━━━━━ TASK INPUTS

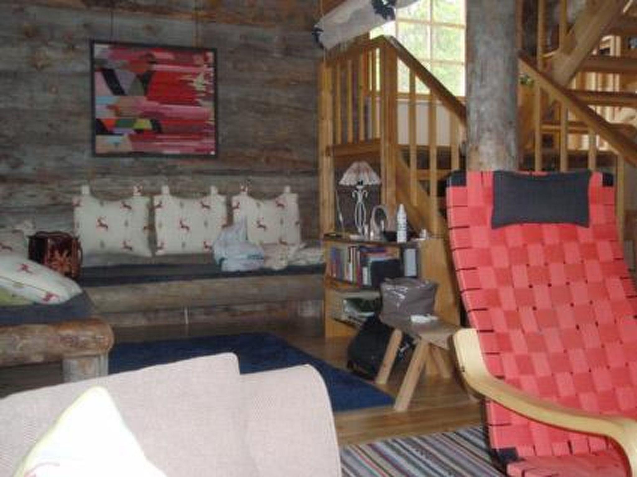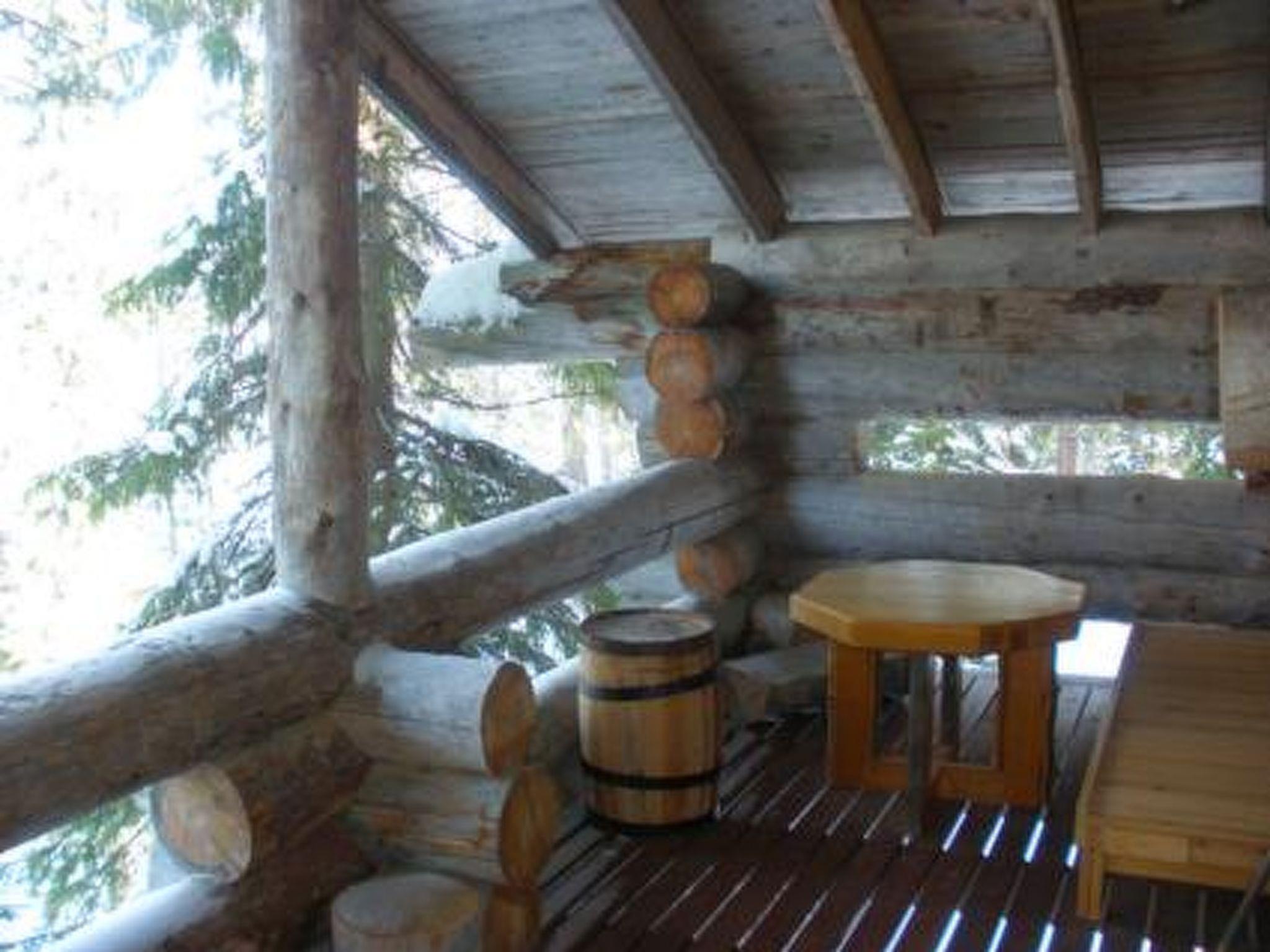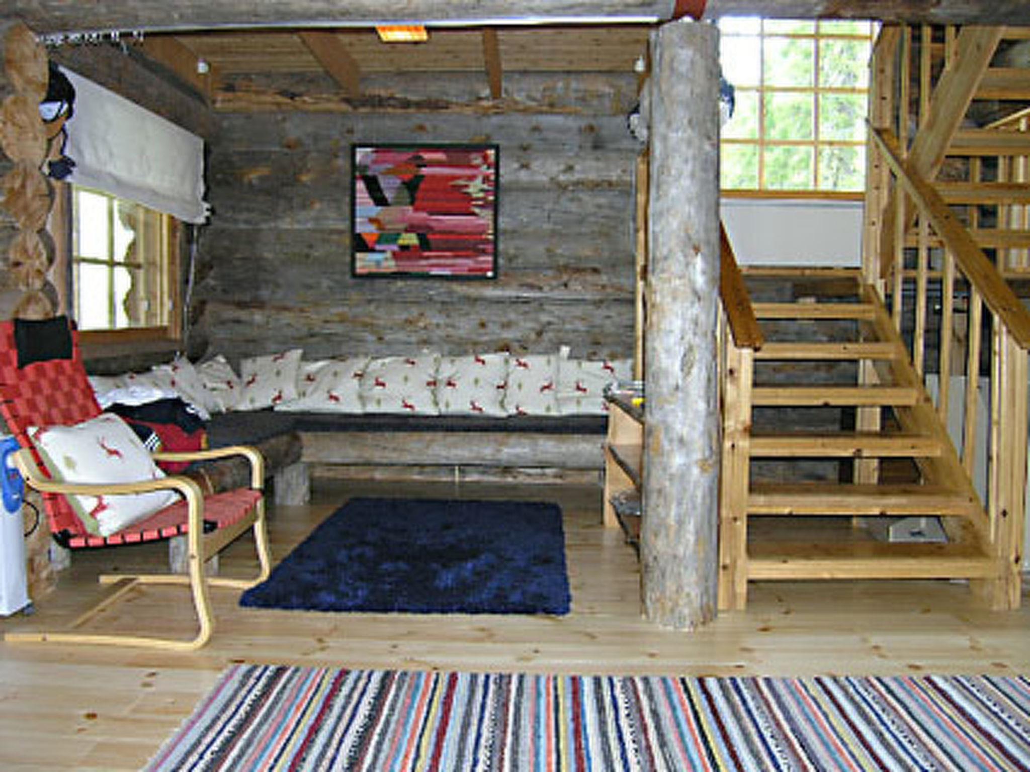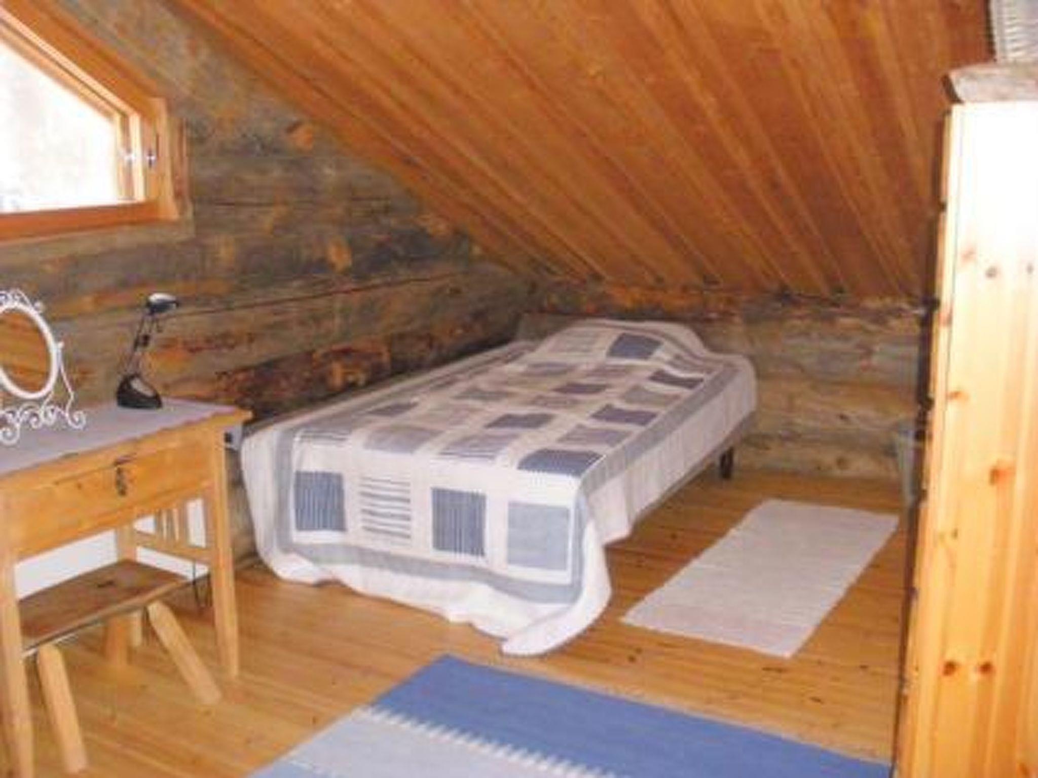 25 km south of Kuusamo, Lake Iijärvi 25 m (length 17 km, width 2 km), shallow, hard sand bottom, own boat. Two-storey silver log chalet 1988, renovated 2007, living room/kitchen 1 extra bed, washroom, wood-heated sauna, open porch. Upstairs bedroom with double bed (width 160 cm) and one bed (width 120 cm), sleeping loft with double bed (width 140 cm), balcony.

━━━━━━━━━━
━━━━━ TASK INPUTS

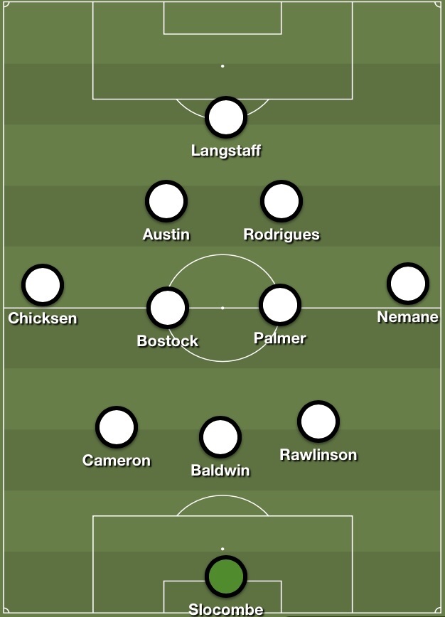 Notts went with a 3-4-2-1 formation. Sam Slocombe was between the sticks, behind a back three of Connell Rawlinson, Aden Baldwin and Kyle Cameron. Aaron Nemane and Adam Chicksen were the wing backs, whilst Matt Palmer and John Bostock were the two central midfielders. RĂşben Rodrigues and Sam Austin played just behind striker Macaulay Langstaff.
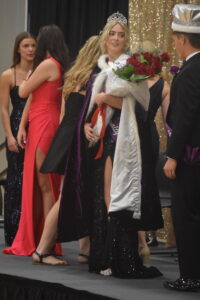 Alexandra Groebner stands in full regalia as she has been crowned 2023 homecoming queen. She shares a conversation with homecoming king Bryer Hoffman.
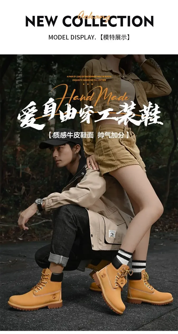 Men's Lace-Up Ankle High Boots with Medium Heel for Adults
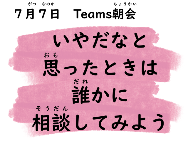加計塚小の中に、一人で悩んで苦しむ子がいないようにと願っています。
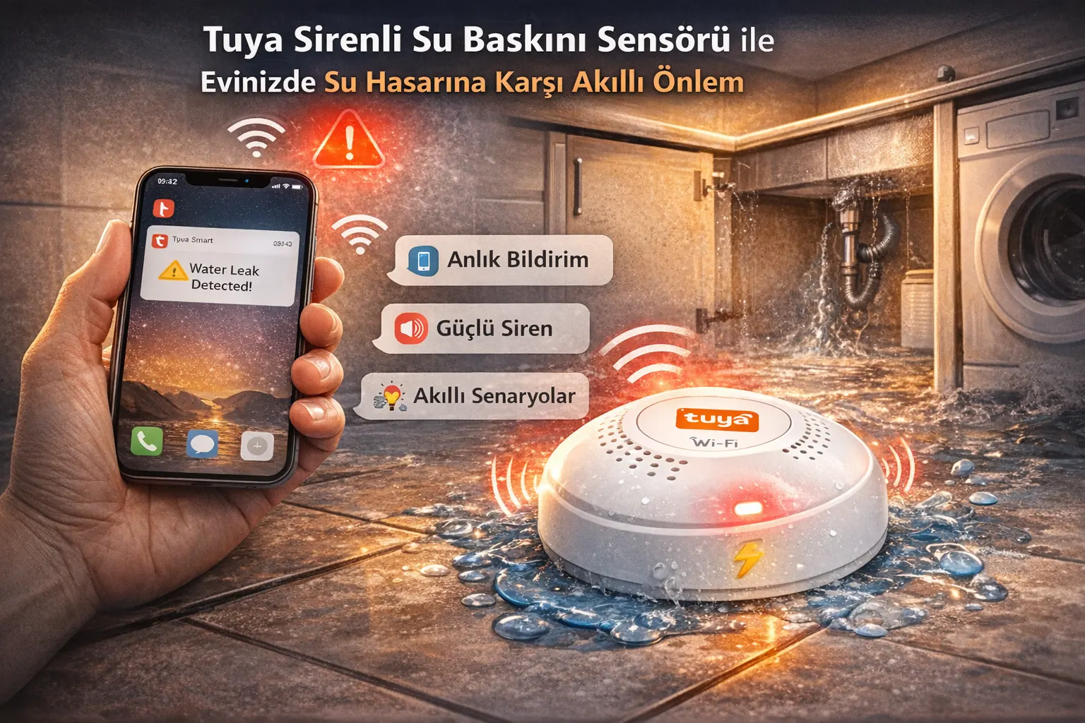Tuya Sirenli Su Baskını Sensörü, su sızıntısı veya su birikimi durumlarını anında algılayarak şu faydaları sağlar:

━━━━━━━━━━

EXERCISE DIRECTIONS:
Everything from the line with "加計塚小の中に、一人で悩んで苦しむ子がいないようにと願っています。" through the line with "Tuya Sirenli Su" in the material above should be transcribed exactly, except the pictures.

YOUR SOLUTION:
加計塚小の中に、一人で悩んで苦しむ子がいないようにと願っています。
Tuya Sirenli Su Baskını Sensörü, su sızıntısı veya su birikimi durumlarını anında algılayarak şu faydaları sağlar:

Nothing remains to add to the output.